§ **Your objective**:
Find the line below with "A postcard with" and the line with "Složka A4 z". Output exactly those lines and everything between them, leaving out the pictures.

----- Extracted material

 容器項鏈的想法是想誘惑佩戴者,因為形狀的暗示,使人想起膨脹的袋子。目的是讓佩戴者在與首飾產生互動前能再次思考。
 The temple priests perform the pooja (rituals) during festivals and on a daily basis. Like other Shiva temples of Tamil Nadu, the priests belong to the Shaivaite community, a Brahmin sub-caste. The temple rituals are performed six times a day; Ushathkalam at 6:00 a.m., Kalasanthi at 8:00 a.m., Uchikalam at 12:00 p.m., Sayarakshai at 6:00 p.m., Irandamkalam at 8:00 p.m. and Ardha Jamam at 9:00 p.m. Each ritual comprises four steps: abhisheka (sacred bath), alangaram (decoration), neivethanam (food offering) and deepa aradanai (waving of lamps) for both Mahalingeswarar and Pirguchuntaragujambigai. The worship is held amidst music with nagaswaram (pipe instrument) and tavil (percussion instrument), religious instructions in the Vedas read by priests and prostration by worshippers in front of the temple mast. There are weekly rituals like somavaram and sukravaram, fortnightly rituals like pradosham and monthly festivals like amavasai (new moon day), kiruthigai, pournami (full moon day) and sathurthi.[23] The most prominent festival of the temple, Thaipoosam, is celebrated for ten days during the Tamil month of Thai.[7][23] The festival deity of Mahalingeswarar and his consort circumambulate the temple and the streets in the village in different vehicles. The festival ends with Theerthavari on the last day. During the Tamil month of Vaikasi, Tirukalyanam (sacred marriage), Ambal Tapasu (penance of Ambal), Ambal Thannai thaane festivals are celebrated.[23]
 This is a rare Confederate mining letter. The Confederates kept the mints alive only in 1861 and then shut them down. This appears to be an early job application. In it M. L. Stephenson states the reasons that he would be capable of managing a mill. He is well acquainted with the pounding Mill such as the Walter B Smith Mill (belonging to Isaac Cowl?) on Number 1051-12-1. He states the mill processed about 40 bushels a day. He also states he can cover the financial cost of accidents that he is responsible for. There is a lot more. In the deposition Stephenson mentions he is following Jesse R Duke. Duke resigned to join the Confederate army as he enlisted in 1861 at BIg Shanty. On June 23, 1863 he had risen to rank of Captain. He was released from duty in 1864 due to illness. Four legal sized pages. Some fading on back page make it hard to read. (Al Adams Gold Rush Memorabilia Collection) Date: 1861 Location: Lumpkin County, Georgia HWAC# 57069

----------
----- Extracted material

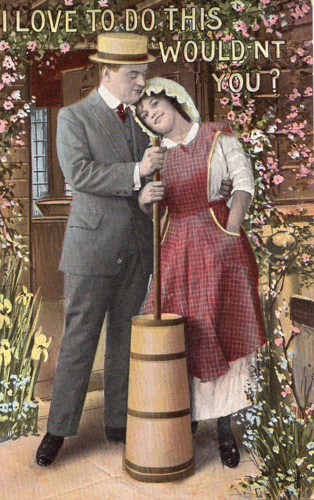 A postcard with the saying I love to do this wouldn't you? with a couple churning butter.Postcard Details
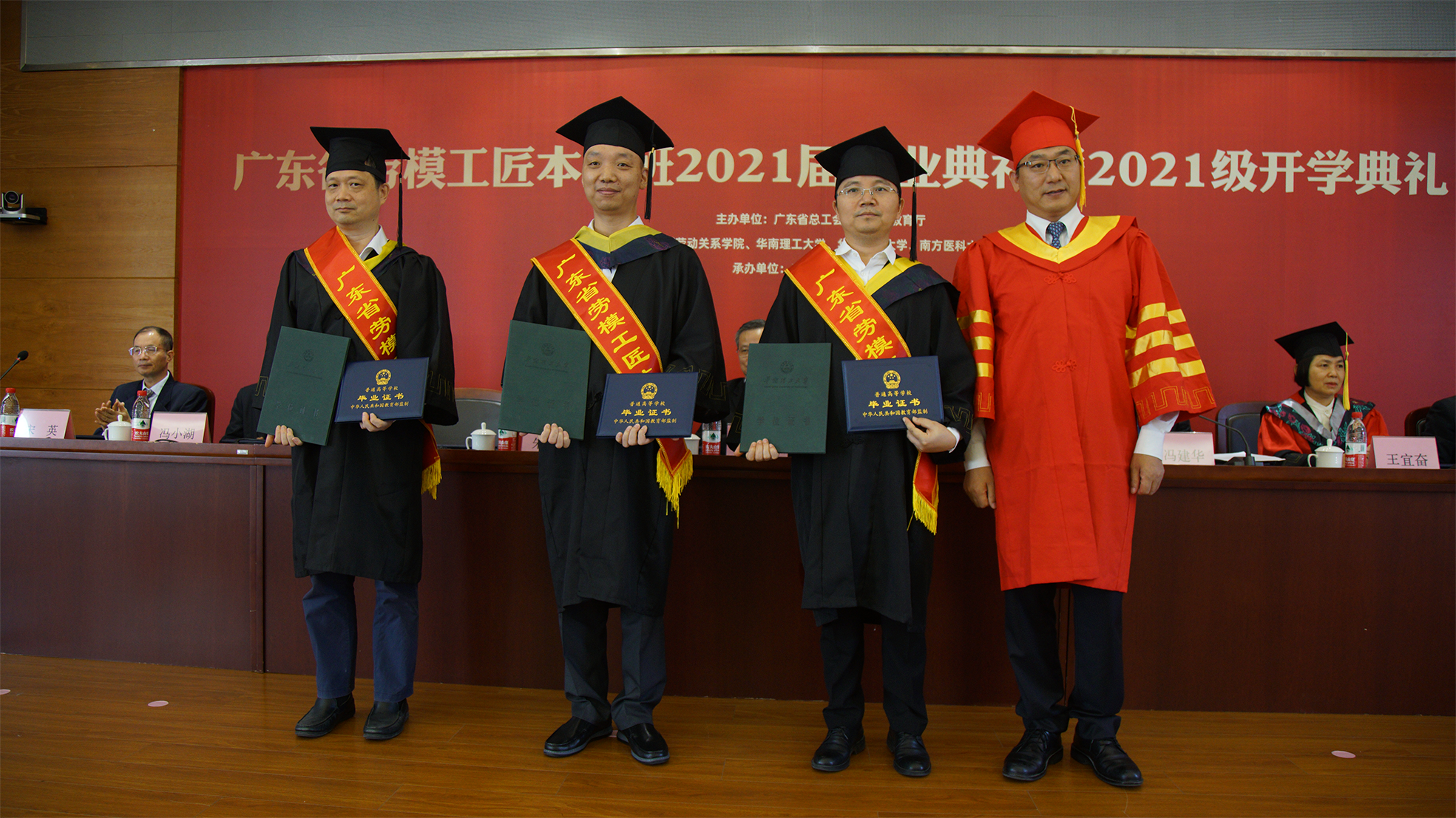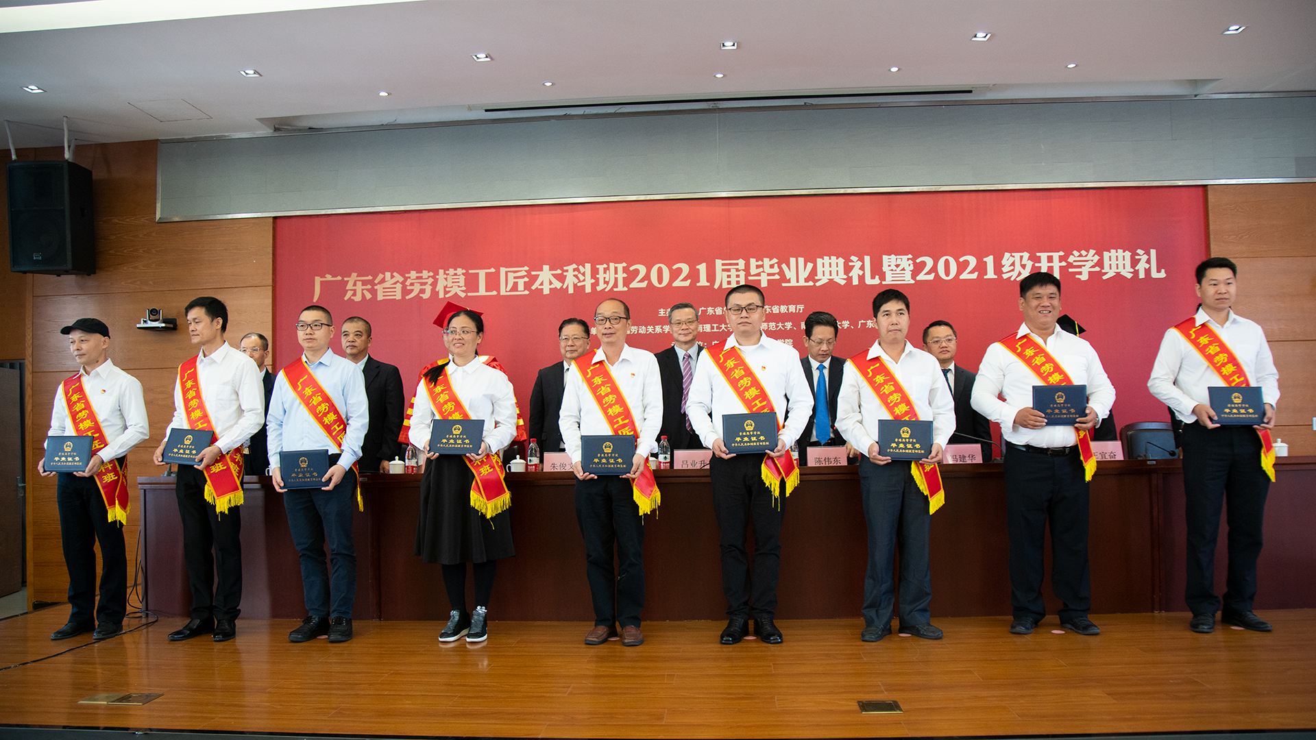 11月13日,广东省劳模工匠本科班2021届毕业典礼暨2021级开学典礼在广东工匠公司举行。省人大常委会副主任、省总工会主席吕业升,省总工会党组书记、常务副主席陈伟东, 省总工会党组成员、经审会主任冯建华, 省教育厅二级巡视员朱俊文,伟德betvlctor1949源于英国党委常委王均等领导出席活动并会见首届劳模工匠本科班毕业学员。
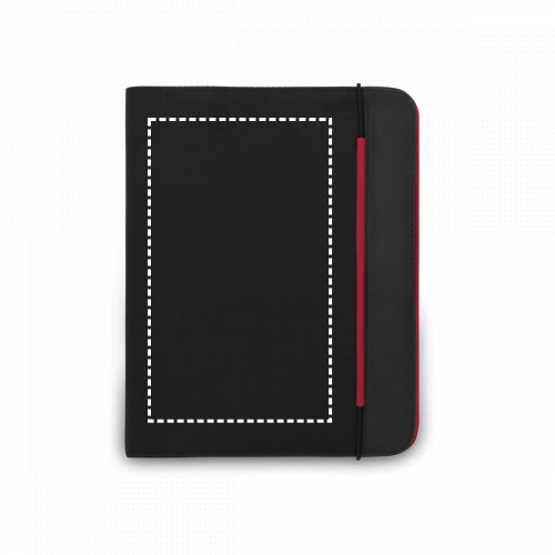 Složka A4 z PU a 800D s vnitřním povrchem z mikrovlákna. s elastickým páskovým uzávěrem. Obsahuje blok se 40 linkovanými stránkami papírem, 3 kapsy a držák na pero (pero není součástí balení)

----------

§ **Written reply**:
 A postcard with the saying I love to do this wouldn't you? with a couple churning butter.Postcard Details
 11月13日,广东省劳模工匠本科班2021届毕业典礼暨2021级开学典礼在广东工匠公司举行。省人大常委会副主任、省总工会主席吕业升,省总工会党组书记、常务副主席陈伟东, 省总工会党组成员、经审会主任冯建华, 省教育厅二级巡视员朱俊文,伟德betvlctor1949源于英国党委常委王均等领导出席活动并会见首届劳模工匠本科班毕业学员。
 Složka A4 z PU a 800D s vnitřním povrchem z mikrovlákna. s elastickým páskovým uzávěrem. Obsahuje blok se 40 linkovanými stránkami papírem, 3 kapsy a držák na pero (pero není součástí balení)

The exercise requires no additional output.